Example 1-7  Checking the Global Cluster Configuration With All Basic Checks Passing

The following example shows cluster check run in verbose mode against nodes phys-schost-1 and phys-schost-2 with all checks passing.

phys-schost# cluster check -v -h phys-schost-1, phys-schost-2

cluster check: Requesting explorer data and node report from phys-schost-1.
cluster check: Requesting explorer data and node report from phys-schost-2.
cluster check: phys-schost-1: Explorer finished.
cluster check: phys-schost-1: Starting single-node checks.
cluster check: phys-schost-1: Single-node checks finished.
cluster check: phys-schost-2: Explorer finished.
cluster check: phys-schost-2: Starting single-node checks.
cluster check: phys-schost-2: Single-node checks finished.
cluster check: Starting multi-node checks.
cluster check: Multi-node checks finished
Example 1-8  Listing Interactive Validation Checks

The following example lists all interactive checks that are available to run on the cluster. Example output shows a sampling of possible checks; actual available checks vary for each configuration.

# cluster list-checks -k interactive
 Some checks might take a few moments to run (use -v to see progress)...
 I6994574  :  (Moderate)  Fix for GLDv3 interfaces on cluster transport vulnerability applied?
Example 1-9  Running a Functional Validation Check

The following example first shows the verbose listing of functional checks. The verbose description is then listed for the check F6968101, which indicates that the check would disrupt cluster services. The cluster is taken out of production. The functional check is then run with verbose output logged to the funct.test.F6968101.12Jan2011 subdirectory. Example output shows a sampling of possible checks; actual available checks vary for each configuration.

# cluster list-checks -k functional
 F6968101  :   (Critical)   Perform resource group switchover
 F6984120  :   (Critical)   Induce cluster transport network failure - single adapter.
 F6984121  :   (Critical)   Perform cluster shutdown
 F6984140  :   (Critical)   Induce node panic
# cluster list-checks -v -C F6968101
 F6968101: (Critical) Perform resource group switchover
Keywords: SolarisCluster3.x, functional
Applicability: Applicable if multi-node cluster running live.
Check Logic: Select a resource group and destination node.

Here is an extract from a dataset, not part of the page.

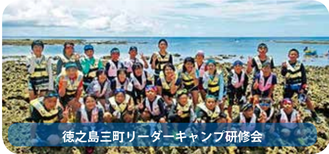
徳之島三町リーダーキャンプ研修会

それぞれに様々な気づきを得た子ども達。今回の学びを活かし、子ども会等の地域活動を行っていきます。

Perform 
'/usr/cluster/bin/clresourcegroup switch' on specified resource group 
either to specified node or to all nodes in succession.
Version: 1.2
Revision Date: 12/10/10 

Take the cluster out of production

# cluster list-checks -k functional -C F6968101 -o funct.test.F6968101.12Jan2011
F6968101 
  initializing...
  initializing xml output...
  loading auxiliary data...
  starting check run...
     pschost1, pschost2, pschost3, pschost4:     F6968101.... starting:  
Perform resource group switchover           


  ============================================================

   >>> Functional Check 

    'Functional' checks exercise cluster behavior. It is recommended that you
    do not run this check on a cluster in production mode.' It is recommended
    that you have access to the system console for each cluster node and
    observe any output on the consoles while the check is executed.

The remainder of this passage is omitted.